The Congregation for the Doctrine of the Faith, in its document titled "Considerations Regarding Proposals to Give Legal Recognition to Unions Between Homosexual Persons," had this to say: "The inevitable consequence of legal recognition of homosexual unions would be the redefinition of marriage, which would become, in its legal status, an institution devoid of essential reference to factors linked to heterosexuality; for example, procreation and raising children. If, from the legal standpoint, marriage between a man and a woman were to be considered just one possible form of marriage, the concept of marriage would undergo a radical transformation, with grave detriment to the common good. By putting homosexual unions on a legal plane analogous to to that of marriage and the family, the State acts arbitrarily and in contradiction with its duties." (No. 8).
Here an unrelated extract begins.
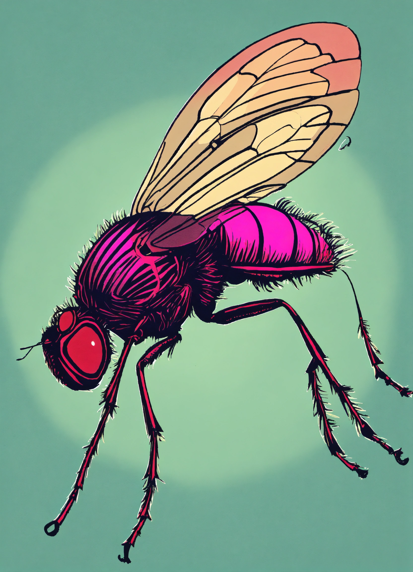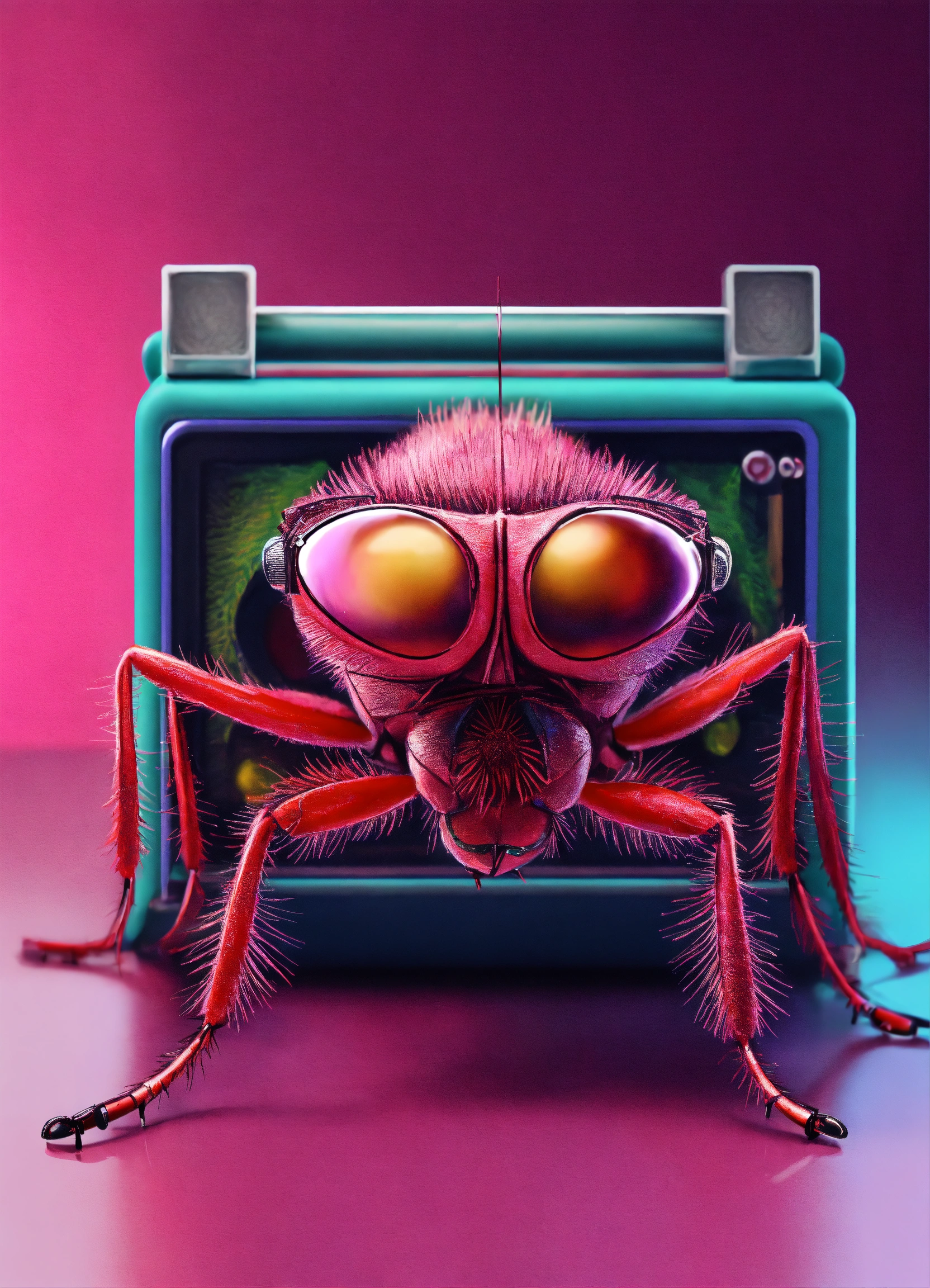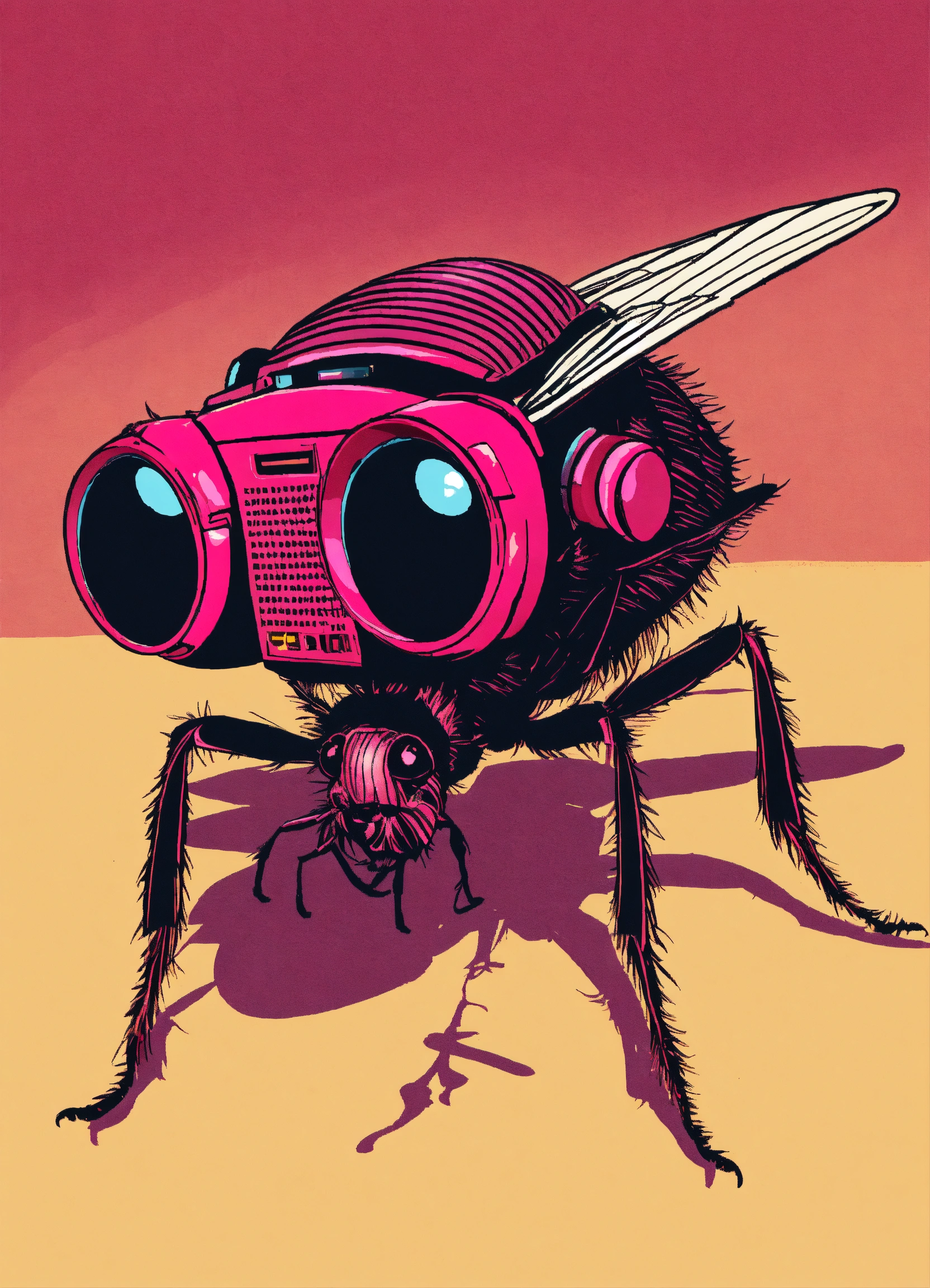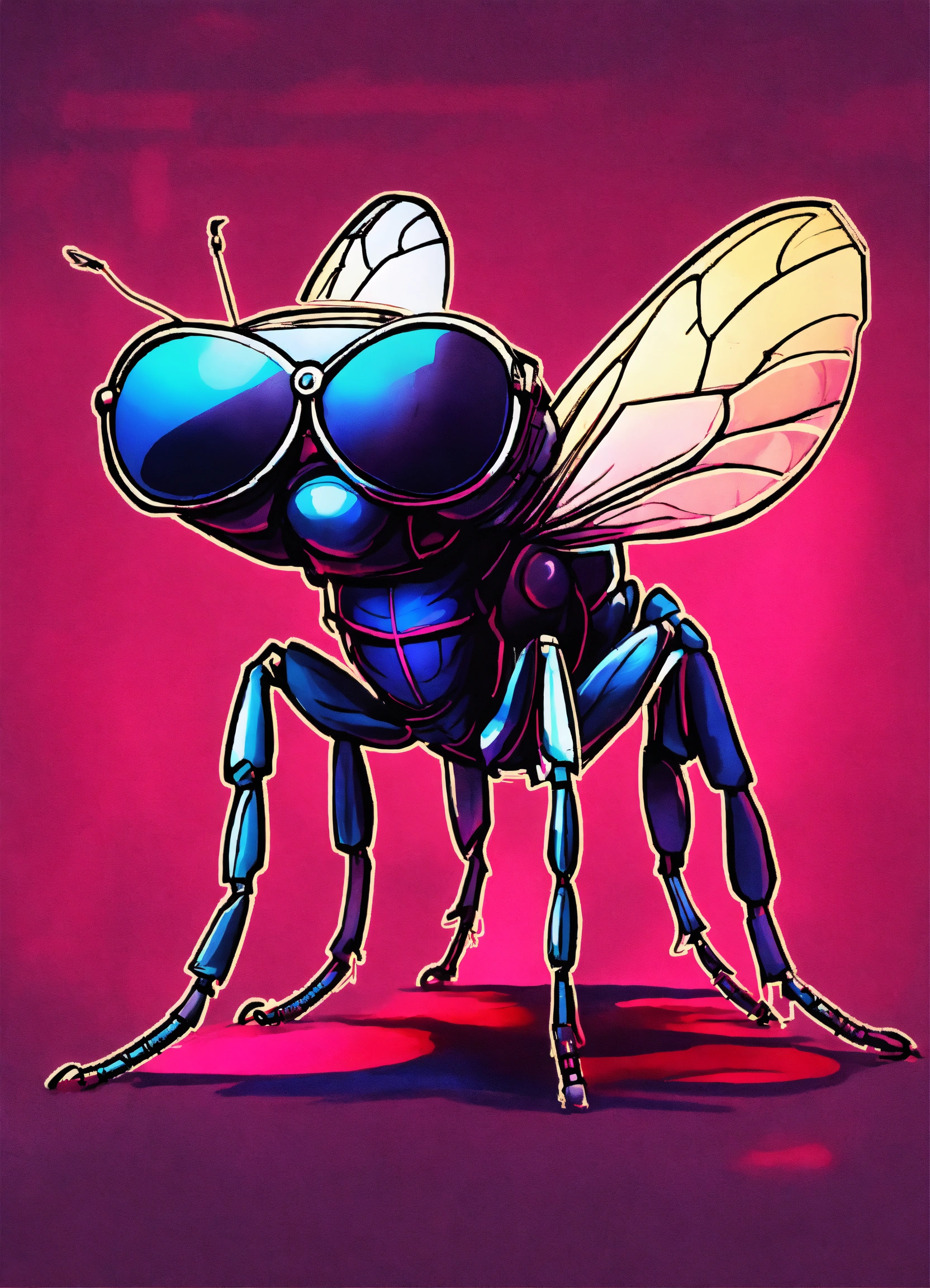 A fly with sunglasses and a boombox on its leg, in the style of light red and dark magenta, scientific illustrations, genepunk, tagging art, transavanguardia, wildstyle, flickr --ar 79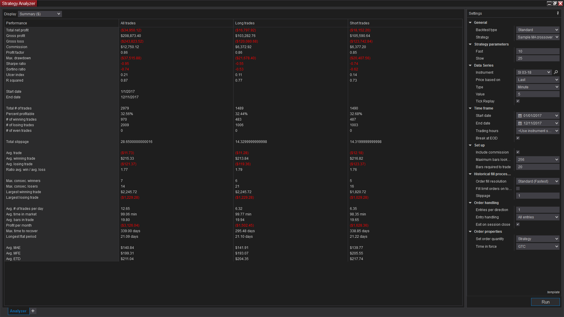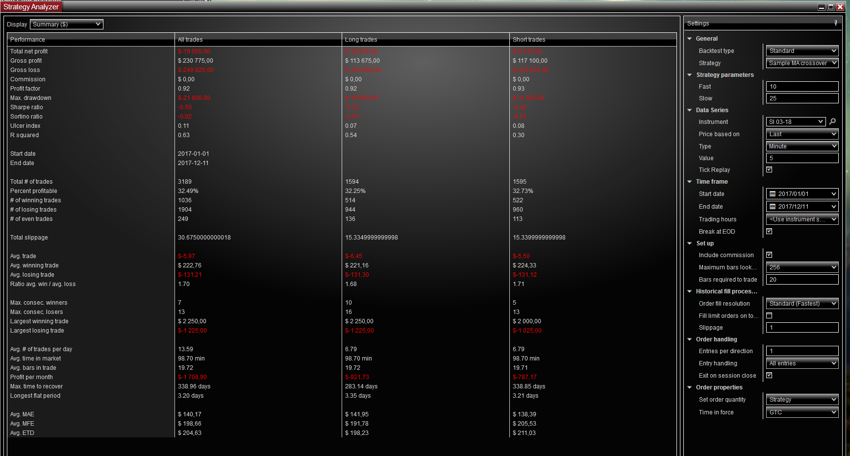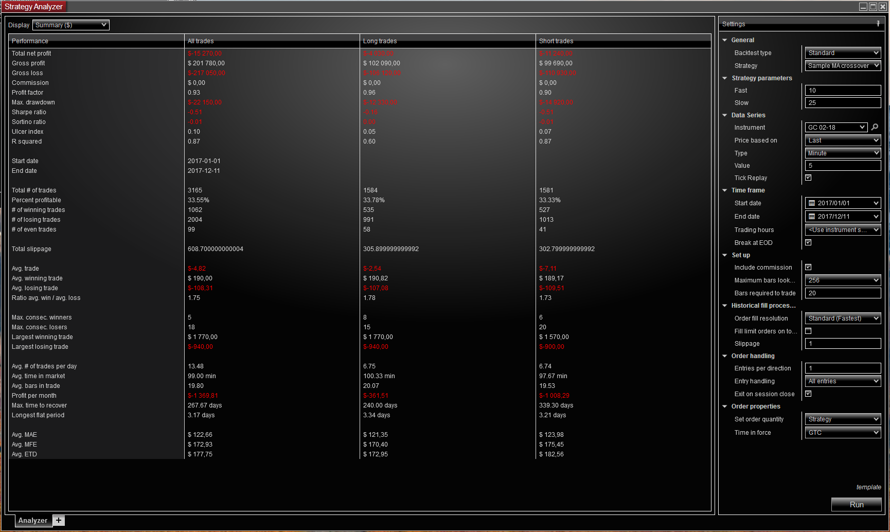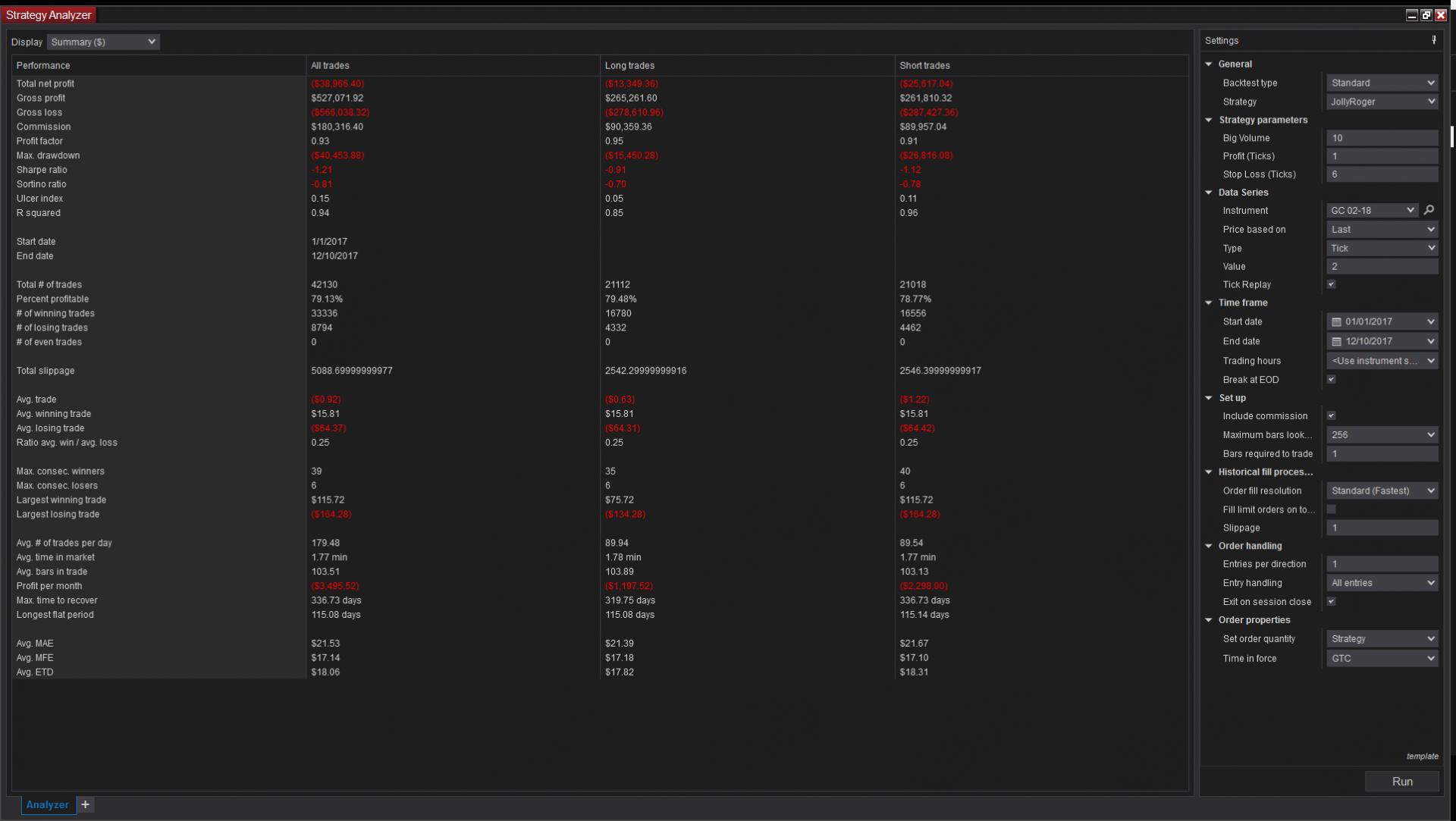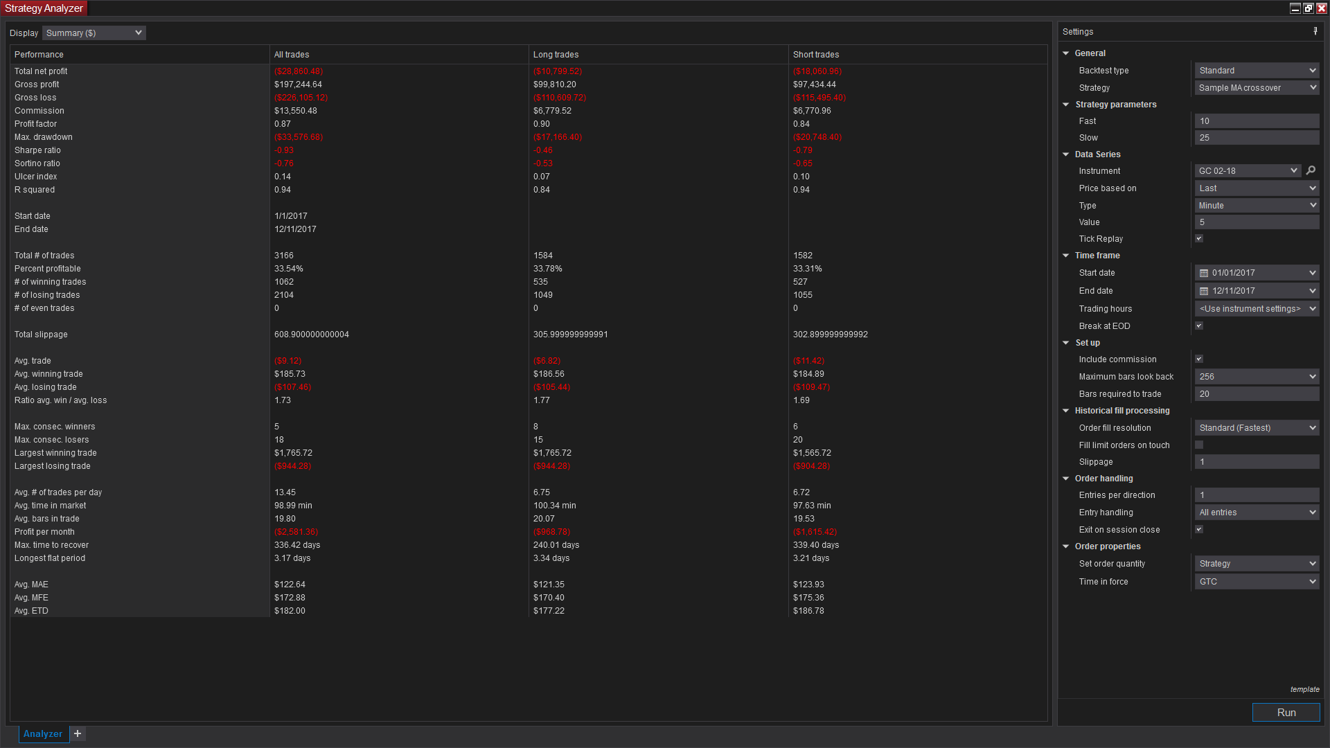 At this point you can reopen the Strategy Analyzer and run your back test. Performing these steps on both platforms and downloading the data from the same provider will give you the same data to produce the same results. You may wish to connect with the same account at different times to rule out issues with the provider.

his Encyclical Letter Libertas Humana, Pope Leo XIII explained that: "It is manifest that the eternal law of God is the sole standard and rule of human liberty, not only in each individual man, but also in the community and civil society which men constitute when united. Therefore, the true liberty of human society does not consist in every man doing what he please, for this would simply end in turmoil and confusion, and bring on the overthrow of the state; but rather in this, that through the injunctions of the civil law all may more easily conform to the prescriptions of the eternal law . . . the binding force of the human laws is in this, that they are to be regarded as applications of the eternal law, and incapable of sanctioning anything which is not contained in the eternal law, as in the principle of all law . . . where a law is enacted contrary to reason, or to the eternal law, or to some ordinance of God, obedience is unlawful, lest while obeying man we become disobedient to God."

Human laws are "incapable of sanctioning anything which is not contained in the eternal law." This is crystal clear Catholic teaching. There is no room for doubt. All other "laws" are unjust and are, therefore, not laws at all. And Catholics are not bound to obey them. In fact, Catholics have a duty to resist them. As I mentioned in a previous post, "Any law supportive of same-sex 'marriage' is no law at all. This because any law which is promulgated must correspond to the divine law. No human authority can declare what is morally evil to be morally good. Laws permitting slavery, abortion, euthanasia, divorce and "marriages" between persons of the same gender are immoral, and therefore unjust (St. Thomas Aquinas, Summa Theologiae, I-II, q. 96, a.5)."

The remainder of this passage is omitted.